Algorithms have three different cases you can look at: best case, worst case, and average case. Best case scenario, your favorite doughnut in the pile is in the first doughnut you pick up. In that case, the algorithm would be \(O(1)\). Worst case, you go through every doughnut and the last one you pick up is your favorite. So worst case, it is \(O(n)\). On average, if there are \(n\) doughnuts should find your favorite after \(n / 2\) doughnuts. You might be tempted to call that \(O(n/2)\). But remember in big O, we are not concerned with constants, just the rate of growth. So we can drop the \(/ 2\) and say on average you will find a doughnut in \(O(n)\) time. Most of the time the industry cares about the worst case scenario, that way they can guarantee the algorithm’s runtime.

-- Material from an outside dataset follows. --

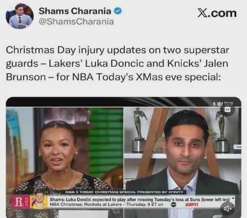 前两天湖人88-103不敌快船同城德比,东契奇在此役遭遇左小腿挫伤,从而缺席了湖人108-132太阳的比赛,却在接下来的圣诞大战如上所述选择火线复出。

Best case this is filled with doughnuts

Complexity of Sprinkles and Syrup

Big O can describe different parts of a problem. Imagine you ordered \(n\) boxes of doughnuts, but the baker accidentally put bagels instead of doughnuts in some of them. You also have stickers. You want to tell him how many boxes he got wrong. Here are two strategies you could employ:

  1. Keep a running tally in your head. Open each box and count in your head if they had bagels in it. Then write the number of bagel boxes on one sticker.
  2. For each box, put a sticker on the box if it has bagels in it. Then at the end, add up all the boxes with stickers on them.

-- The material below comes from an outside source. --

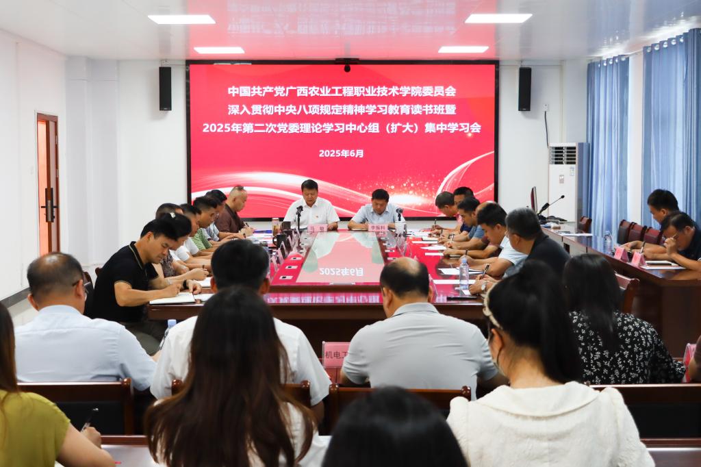 6月9日,学校党委召开深入贯彻中央八项规定精神学习教育读书班暨2025年第二次党委理论学习中心组(扩大)集中学习会。会议围绕《党的十八大以来深入贯彻中央八项规定精神的成效和经验》、中央八项规定、《中央八...

Algorithm 1 is \(O(n)\) in time, where \(n\) is the number of boxes, and \(O(1)\) when it comes to how many stickers used. No matter how many boxes there are, you will use a constant amount of stickers in algorithm 1: one. Algorithm 2 is \(O(n)\) in time and \(O(n)\) when it comes to stickers used. You have to mark each box, then go through each box again to add the numbers up. You might think this is \(O(n^2)\) because you are going through each box twice, but that is incorrect. You also might be tempted to say going through each box is \(O(2n)\) but remember in big O notation we drop constants and just say \(O(n)\).


Bagels, the delicious cousin of doughnuts.

Sprinkles and Syrup: Addition and Multiplication

Big O can have many different terms, and those terms can be added or multiplied. An example of addition would be, “add sprinkles to each round doughnut and then add syrup to each filled doughnut.” That would be \(O(r + f)\), where \(r\) is the number of round doughnuts and \(f\) is the number of filled doughnuts. An example of multiplication would be, “Fill a swimming pool with doughnuts.” That would be \(O(lwh)\) because you are filling each length (\(l\)), width (\(w\)), and height (\(h\)) of the swimming pool with doughnuts. Changing the depth also changes how much more width and height of the pool you need to fill.

Pool full of doughnuts

Pool full of doughnuts then you dive in it

The Magic of Amortized Time

Imagine you had a magic doughnut bag that can hold infinite doughnuts, except this bag has a special requirement. Every time the amount of doughnuts reaches a power of two, it gives you a new bag that lets you hold twice as many doughnuts as you currently have. So you need to move the doughnuts out of the old bag into the newer bag. How would you describe adding doughnuts to this bag in big O terms? Most of the time it does not matter how many doughnuts are in the bag, you just add the additional doughnut with constant time. But every power of two, you have to go through all your doughnuts and move them over. In that case, adding a doughnut takes \(O(n)\) time. This is when amortized time comes in handy.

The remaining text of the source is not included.